The Devil's Cup Page 12
But Yves had had enough. ‘If you want to gallop on ahead, Josse, do so,’ he said with an air of finality. ‘Geoffroi and I—’ the ones with a bit of sense hung unsaid in the air – ‘will proceed at our own pace and meet you there.’
‘I don’t …’ Josse began furiously.
Yves gave him the look he’d given him when they were lads; the one that said, You’re being stupid and quite unreasonable and I’m not talking to you any more.
Josse gave an angry, disgruntled hrrumph and the three of them proceeded to Lynn together.
They found a reasonably decent inn that offered good stabling. Geoffroi, having already dismissed two similar establishments, went inside to check and returned to say this one was passable. Josse and Yves waited in the narrow, cobbled street outside, standing right at the edge to avoid the channel of filth running down the gentle slope, and Josse still jittery with impatience.
Finally, the horses having settled to Geoffroi’s satisfaction, at last they set out to find the King.
It was a mindlessly simple task, for they simply followed the crowd. A big, expensively dressed and loud-mouthed man striding beside Josse told him – with the pride of a man whose beloved King was honouring his own home town with a visit – that King John was being entertained by one of Lynn’s most prominent citizens, a recently ennobled ex-sea captain who now owned a fleet of sleek, well-built ships and who, it was rumoured, had brought in the majority of the supplies that had just arrived with which the King intended to resupply his northern castles.
Surreptitiously trying to brush off the mud of travel from his cloak hem as they strode along, Josse – taller than almost every other man there, with the exception of his brother and his son – peered over heads and tried to spy out their destination. Soon it became obvious: they were approaching a wide-fronted house set apart from the main thoroughfares, its stout timbers well maintained and its daub freshly lime-washed, perhaps in expectation of the King’s visit. Solid oak gates leading on to a large courtyard stood partly open, guarded by several well-armed men. The door to the house was firmly shut.
Edging his way through the crowd, reaching inside his tunic for his letter, Josse went up to one of the guards. ‘I have a summons,’ he yelled, his mouth close to the man’s ear to make himself heard.

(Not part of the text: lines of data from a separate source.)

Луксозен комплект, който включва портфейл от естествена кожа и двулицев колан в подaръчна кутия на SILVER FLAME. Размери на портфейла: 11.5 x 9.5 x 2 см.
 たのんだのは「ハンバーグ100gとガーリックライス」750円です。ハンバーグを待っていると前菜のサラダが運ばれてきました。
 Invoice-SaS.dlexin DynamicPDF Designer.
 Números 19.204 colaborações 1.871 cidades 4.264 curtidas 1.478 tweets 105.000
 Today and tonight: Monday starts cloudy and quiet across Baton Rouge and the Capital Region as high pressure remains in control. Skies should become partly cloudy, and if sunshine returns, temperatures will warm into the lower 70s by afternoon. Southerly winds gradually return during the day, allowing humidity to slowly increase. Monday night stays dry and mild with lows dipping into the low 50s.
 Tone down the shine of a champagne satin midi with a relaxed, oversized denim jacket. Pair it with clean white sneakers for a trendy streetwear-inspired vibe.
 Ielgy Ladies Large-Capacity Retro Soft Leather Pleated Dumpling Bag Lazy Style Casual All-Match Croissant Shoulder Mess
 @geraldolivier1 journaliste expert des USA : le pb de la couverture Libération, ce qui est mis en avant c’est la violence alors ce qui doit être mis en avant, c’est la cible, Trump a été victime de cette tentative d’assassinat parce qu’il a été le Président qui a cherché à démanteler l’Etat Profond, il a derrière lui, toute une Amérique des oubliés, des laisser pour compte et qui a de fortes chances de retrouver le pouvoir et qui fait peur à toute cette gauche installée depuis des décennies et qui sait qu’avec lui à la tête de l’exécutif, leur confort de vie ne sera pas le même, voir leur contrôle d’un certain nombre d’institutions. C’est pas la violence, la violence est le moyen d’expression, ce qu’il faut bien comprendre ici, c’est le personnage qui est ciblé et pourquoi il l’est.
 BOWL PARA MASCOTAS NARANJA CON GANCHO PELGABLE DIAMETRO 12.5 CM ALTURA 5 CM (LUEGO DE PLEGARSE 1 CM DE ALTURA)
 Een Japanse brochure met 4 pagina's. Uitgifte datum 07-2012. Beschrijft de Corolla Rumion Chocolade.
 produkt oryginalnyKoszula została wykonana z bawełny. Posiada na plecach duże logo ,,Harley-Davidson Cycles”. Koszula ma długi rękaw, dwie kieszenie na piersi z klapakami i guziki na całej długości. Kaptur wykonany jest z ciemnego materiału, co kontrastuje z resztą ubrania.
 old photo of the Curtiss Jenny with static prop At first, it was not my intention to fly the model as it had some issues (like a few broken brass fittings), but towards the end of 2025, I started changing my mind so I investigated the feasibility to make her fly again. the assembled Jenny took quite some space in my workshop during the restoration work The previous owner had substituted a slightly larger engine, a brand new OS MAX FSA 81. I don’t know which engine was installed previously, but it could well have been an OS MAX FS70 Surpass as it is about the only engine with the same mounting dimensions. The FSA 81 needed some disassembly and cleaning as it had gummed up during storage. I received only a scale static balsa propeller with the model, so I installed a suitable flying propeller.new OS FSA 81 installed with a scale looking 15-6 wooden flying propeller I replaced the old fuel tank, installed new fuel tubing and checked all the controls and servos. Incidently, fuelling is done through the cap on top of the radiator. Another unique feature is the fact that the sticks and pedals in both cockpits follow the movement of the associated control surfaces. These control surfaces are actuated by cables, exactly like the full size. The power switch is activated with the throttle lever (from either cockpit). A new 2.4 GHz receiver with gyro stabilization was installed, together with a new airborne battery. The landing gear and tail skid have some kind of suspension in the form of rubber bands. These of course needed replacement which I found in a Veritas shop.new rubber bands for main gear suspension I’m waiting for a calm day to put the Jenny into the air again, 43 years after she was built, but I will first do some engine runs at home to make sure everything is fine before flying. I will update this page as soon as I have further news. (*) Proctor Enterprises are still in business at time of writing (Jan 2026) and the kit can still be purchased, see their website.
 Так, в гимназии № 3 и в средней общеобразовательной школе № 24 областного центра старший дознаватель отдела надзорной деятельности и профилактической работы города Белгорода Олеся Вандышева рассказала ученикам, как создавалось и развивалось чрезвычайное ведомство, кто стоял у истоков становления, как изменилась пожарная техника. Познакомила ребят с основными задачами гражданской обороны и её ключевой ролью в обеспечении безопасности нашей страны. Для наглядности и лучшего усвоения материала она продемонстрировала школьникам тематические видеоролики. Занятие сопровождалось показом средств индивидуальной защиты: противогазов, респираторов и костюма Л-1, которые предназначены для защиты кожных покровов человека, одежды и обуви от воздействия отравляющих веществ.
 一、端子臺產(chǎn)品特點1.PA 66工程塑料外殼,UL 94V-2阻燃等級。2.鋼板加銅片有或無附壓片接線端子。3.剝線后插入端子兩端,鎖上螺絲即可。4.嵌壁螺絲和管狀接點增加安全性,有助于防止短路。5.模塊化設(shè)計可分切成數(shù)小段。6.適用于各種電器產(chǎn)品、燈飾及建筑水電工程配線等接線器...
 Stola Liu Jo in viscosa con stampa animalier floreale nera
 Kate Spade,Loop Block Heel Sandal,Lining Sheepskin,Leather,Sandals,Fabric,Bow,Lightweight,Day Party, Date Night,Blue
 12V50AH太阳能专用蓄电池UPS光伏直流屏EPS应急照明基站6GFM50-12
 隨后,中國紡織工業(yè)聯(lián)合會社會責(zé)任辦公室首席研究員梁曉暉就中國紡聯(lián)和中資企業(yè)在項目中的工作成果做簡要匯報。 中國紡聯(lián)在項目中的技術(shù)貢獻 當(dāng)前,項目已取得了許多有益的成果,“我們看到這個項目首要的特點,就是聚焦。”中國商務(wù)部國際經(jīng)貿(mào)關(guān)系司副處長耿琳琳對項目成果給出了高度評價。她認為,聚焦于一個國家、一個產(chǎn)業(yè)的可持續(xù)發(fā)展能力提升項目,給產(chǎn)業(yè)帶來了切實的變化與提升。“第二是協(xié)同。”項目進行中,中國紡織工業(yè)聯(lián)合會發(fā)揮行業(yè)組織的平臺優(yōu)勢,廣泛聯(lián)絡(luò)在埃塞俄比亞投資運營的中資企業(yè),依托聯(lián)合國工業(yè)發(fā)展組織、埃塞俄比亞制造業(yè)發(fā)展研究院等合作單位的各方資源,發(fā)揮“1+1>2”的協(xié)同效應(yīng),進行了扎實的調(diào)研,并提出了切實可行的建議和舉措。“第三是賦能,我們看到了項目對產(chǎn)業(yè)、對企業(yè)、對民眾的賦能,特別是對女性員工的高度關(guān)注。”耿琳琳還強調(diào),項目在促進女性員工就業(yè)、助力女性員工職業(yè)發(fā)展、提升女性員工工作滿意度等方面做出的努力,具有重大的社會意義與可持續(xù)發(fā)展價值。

The guard, perhaps accustomed to seeing such documents, had a quick look and nodded. He turned to one of his companions and gestured towards the gates into the yard, which the man hastened to open a little wider. ‘I have two more with me,’ Josse shouted, pointing at Yves and Geoffroi, right behind him. The guard nodded again, and swiftly the three of them were bundled through the gates, which were banged closed behind them. The crowd, apparently angry at the ease with which these strangers had been admitted, were pushing forward, demanding similar favourable treatment, but the guards were having none of it. As a man in the King’s livery hurried forward to usher Josse and his party inside the house, Josse heard a loud crash. Spinning round, he saw that soldiers inside the yard had dropped a huge iron bar into its supports on the gates and on the stout stone walls either side; nobody else was coming into the courtyard unless the guards said so.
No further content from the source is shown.